Activity
A verbatim copy of all the data is required, minus any images.

Recorded information

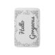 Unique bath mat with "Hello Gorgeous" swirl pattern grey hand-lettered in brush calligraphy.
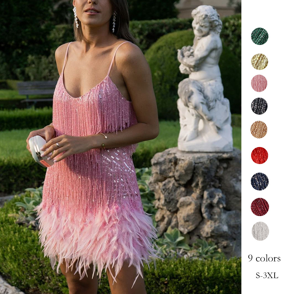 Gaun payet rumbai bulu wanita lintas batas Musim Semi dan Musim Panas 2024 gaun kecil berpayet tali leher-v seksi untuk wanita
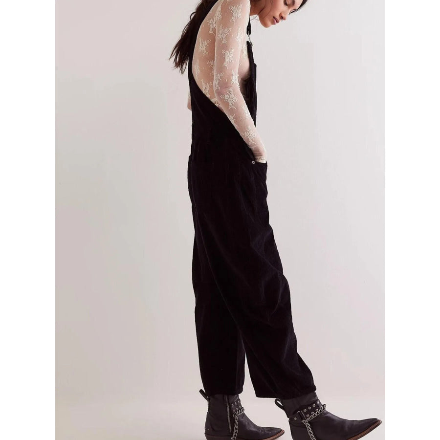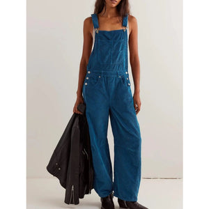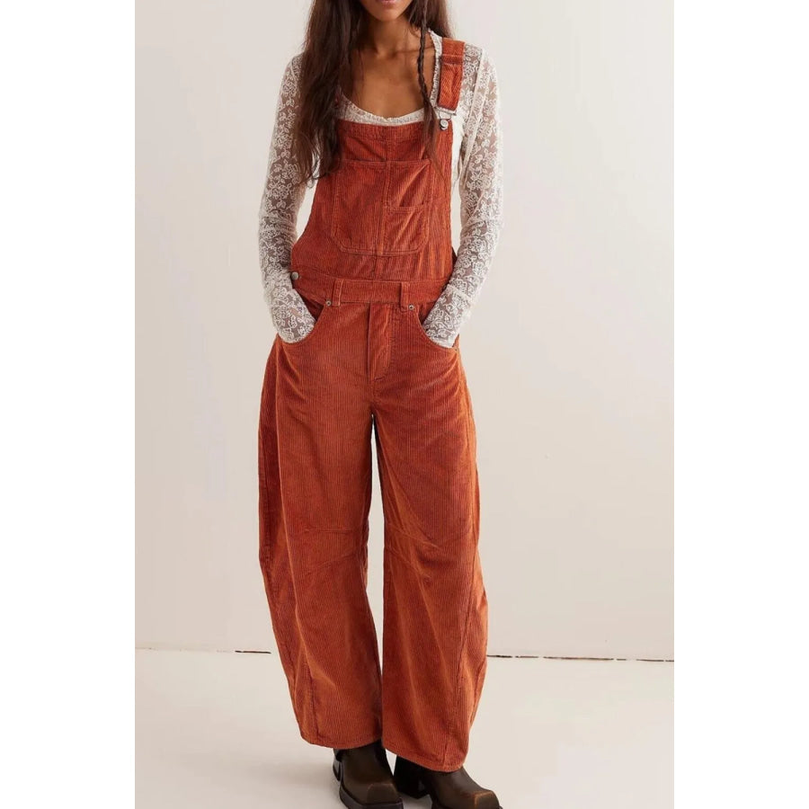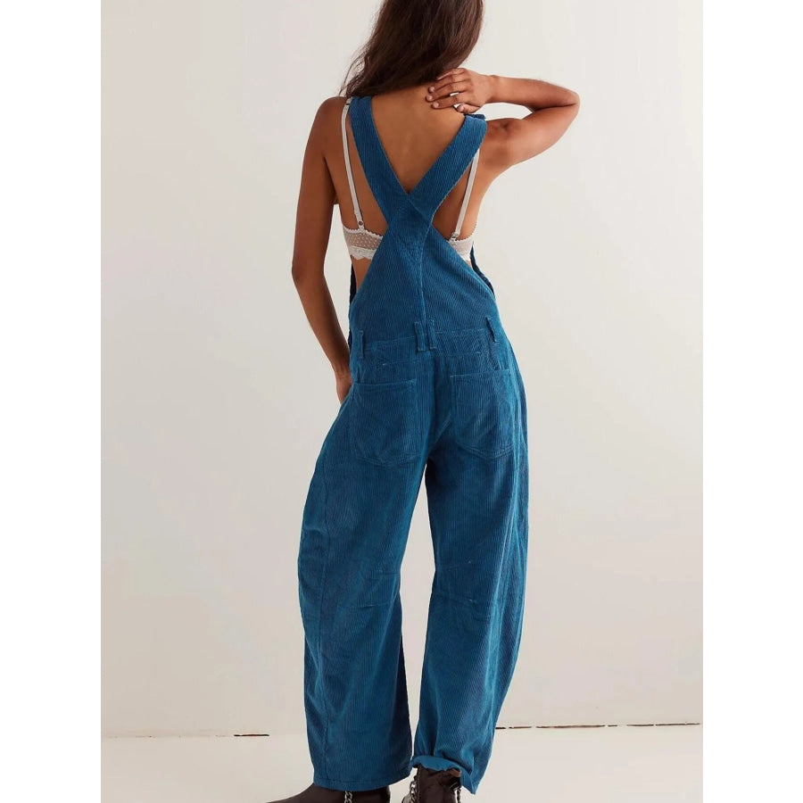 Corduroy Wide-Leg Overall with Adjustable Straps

Task answer
 Unique bath mat with "Hello Gorgeous" swirl pattern grey hand-lettered in brush calligraphy.
 Gaun payet rumbai bulu wanita lintas batas Musim Semi dan Musim Panas 2024 gaun kecil berpayet tali leher-v seksi untuk wanita
 Corduroy Wide-Leg Overall with Adjustable Straps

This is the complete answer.